Categories:Education, Religious.

Background: According to official statements by the Puebla Institute, the organization was established in l982 by Humberto Belli, a native Nicaraguan and former Marxist who was a member of the Sandinista movement before becoming a Christian in l977. In these statements, the institute is described as a nonprofit, nonpartisan lay Catholic organization which promotes a Christian perspective on theological and sociopolitical issues, especially those concerning religious freedom and human rights. By documenting and publicizing restrictions on religious freedoms and other human rights, and by mobilizing public support for those who suffer religious persecution, the institute hopes to stop religious repression. In order to accomplish this, according to institute sources, the organization conducts research, provides analysis, and publishes information on issues in Latin America and other regions. (5,16,22)

Other reports, however, notably those of former Nicaraguan contra leader Edgar Chamorro, indicate more suspicious origins and purposes for the organization. Chamorro says that working relationships between Humberto Belli and the contra leadership were prompted by conversations with the Central Intelligence Agency (CIA) recommending that the Nicaraguan rebels exploit religious factors in their fight against the Sandinistas. Several members of the CIA-organized contra Directorate–on which Chamorro served–suggested working with Belli, a Catholic intellectual who had quarrels with the Nicaraguan government. Alfonso Callejas, a member of the first contra Directorate, worked with Belli to coordinate the book that was eventually titled Nicaragua: Christians Under Fire.

According to Chamorro, the project was written into the contract between the contras and their CIA-recommended public relations firm, Woody Kepner Associates, Inc. The CIA gave the Directorate money to pay for Belli’s trips to Miami to meet with contra leaders while the book was being written, and, Chamorro says, Belli was paid by the CIA for his work on the volume. Belli suggested using the name Puebla Institute under which to publish the book. This was to serve two purposes. First, it would disguise links between the contras and Belli. This would give the volume more apparent legitimacy and permit its distribution through the FDN and ARDE (the two most influential rebel coalitions) and similar channels. Second, it would implicitly associate the book with the second major Catholic Bishop’s conference in Latin America, held in Puebla, Mexico. Chamorro observes that the Puebla conference carries the connotation of a conservative readjustment in the Catholic Church despite the fact that it did not end up repudiating the liberation theology orientations promoted by the previous such conference held in Medellin, Colombia in l968. (10)

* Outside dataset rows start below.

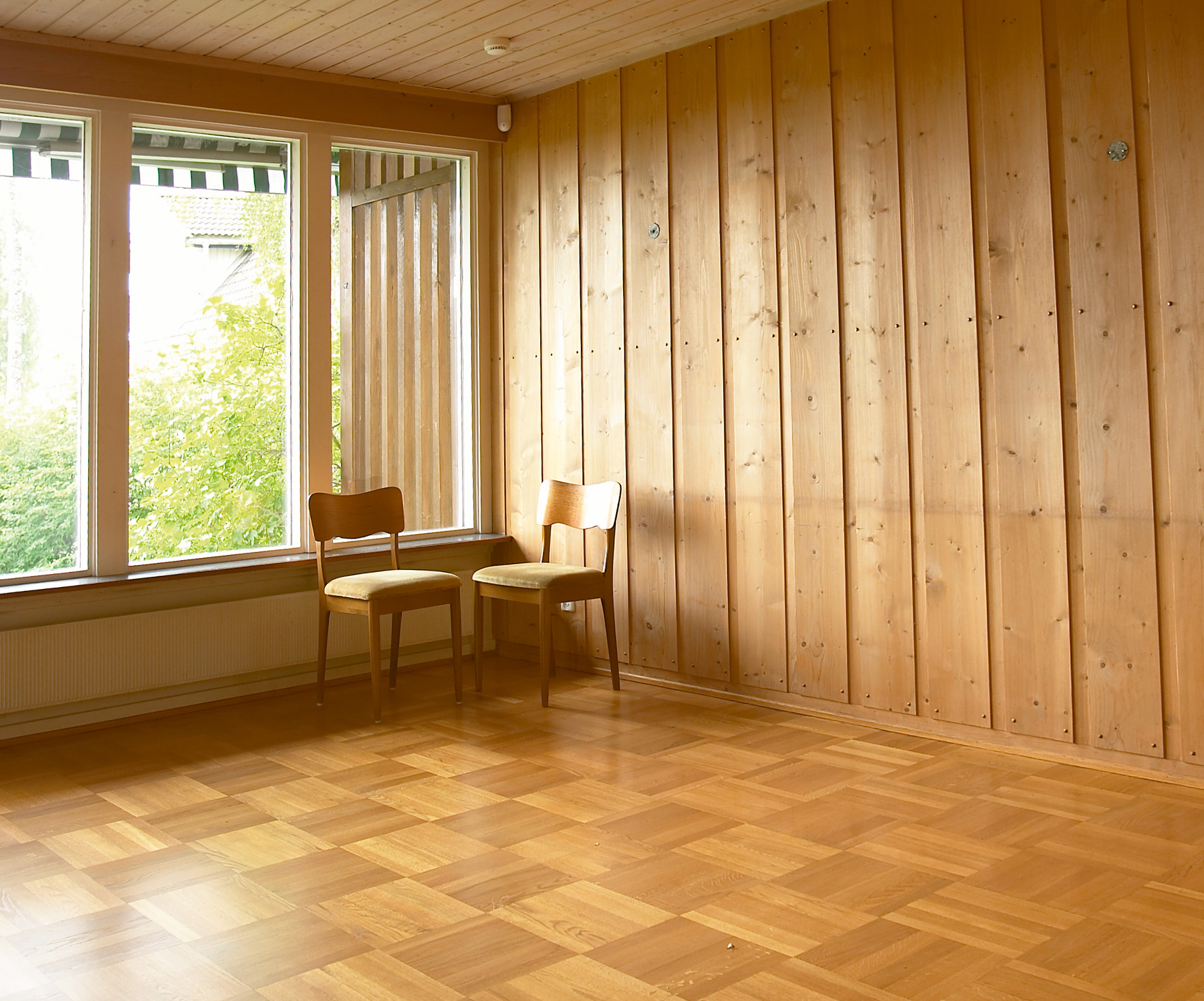 - Parkettgulvene ble beholdt som de var. Disse vakre gulvene kom til sin rett da de fikk være eneste varme fargeinnslag.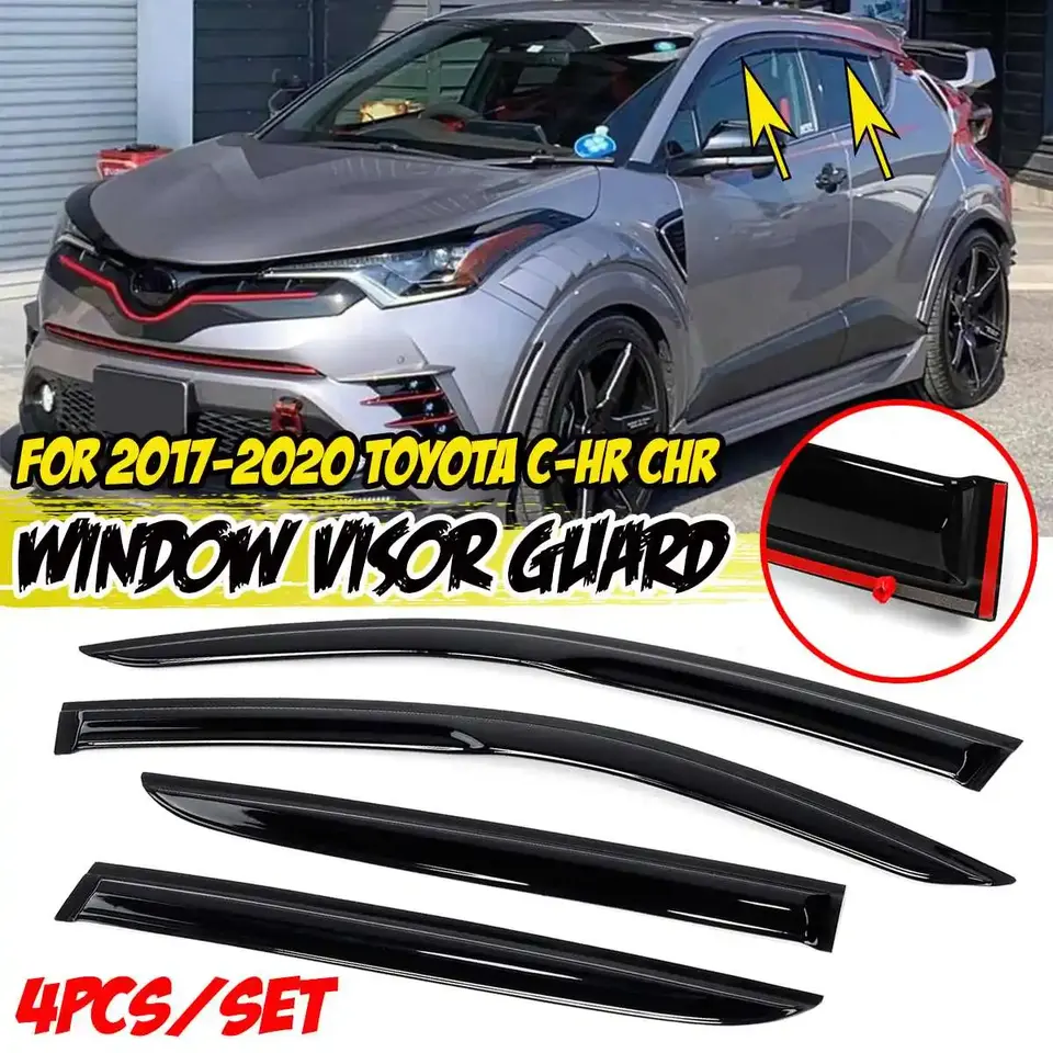 แผ่นบังแดดข้างรถยนต์สีดำ 4 ชิ้น สำหรับ TOYOTA C-HR CHR ปี 2017-2020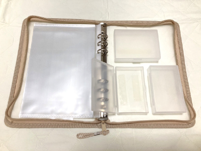 クリアファイルをリングに挟んだあと、カードケースを裏表紙の内側に貼り付けていきます。今回は両面テープを使用しました。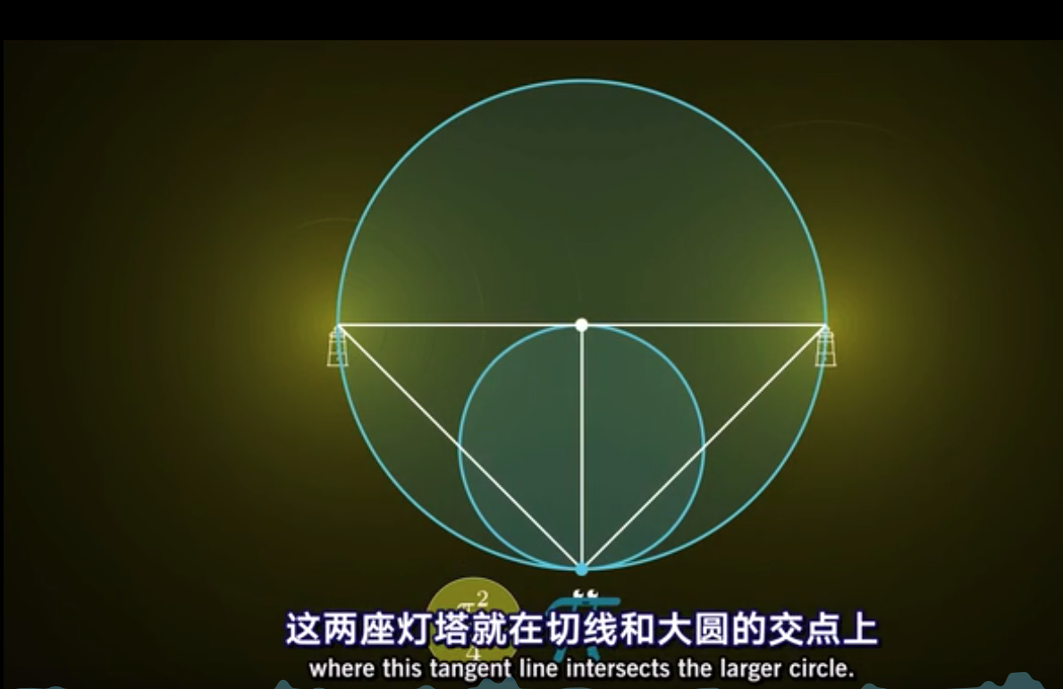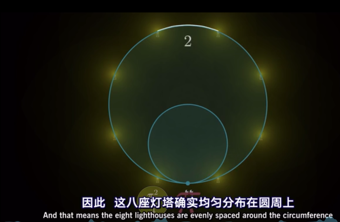 注意:这里新的两座灯塔距离光线接收器的圆弧长度仍然为1.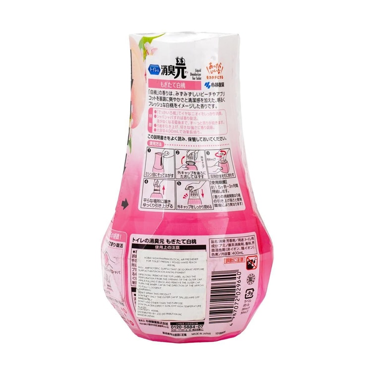 ["強效分解廁所異味,迅速淨化空氣,清新宜人"," 400ml大容量設計,持久消臭,無需頻繁更換","散發清新白桃香氣,營造舒適愉悅的衛生間環境","專為衛生間設計,有效改善異味,提升空間品質","消臭與香味雙重功效,一瓶解決芳芬"]["Powerful odor eliminator, rapidly purifies air for instant freshness.","Generous 400ml capacity ensures long-lasting odor control, minimizing frequent refills.","Infused with a delightful white peach fragrance, creating a pleasant and inviting bathroom ambiance.","Specially formulated for bathrooms, effectively tackling odors to elevate your space quality.","Dual-action formula: neutralizes odors while releasing a lasting, refreshing scent.","Transform your bathroom into a clean, fresh, and welcoming sanctuary with ease."]

Investigative reporter Russ Bellant asserts that Puebla is a front, or "action center," for the Sword of the Spirit, an offshoot of the Word of God cult-like charismatic group. (23)

Funding: According to Edgar Chamorro (see Background), the CIA paid Humberto Belli for his work on the first Puebla Institute publication, Christians Under Fire. Chamorro notes that the CIA told both the FDN and Humberto Belli to say that the money for the book and the Institute was from private individuals. (10,12) Puebla sources indicate that the organization is privately funded. (22) It also raises money through sales of its publications. (5,6) The (John M. ) Olin Foundation has provided funding for the Puebla Institute as well. A l986 Olin Foundation grant for $40,000 supported the Institute’s activities with the Nicaraguan Human Rights Commission. (13)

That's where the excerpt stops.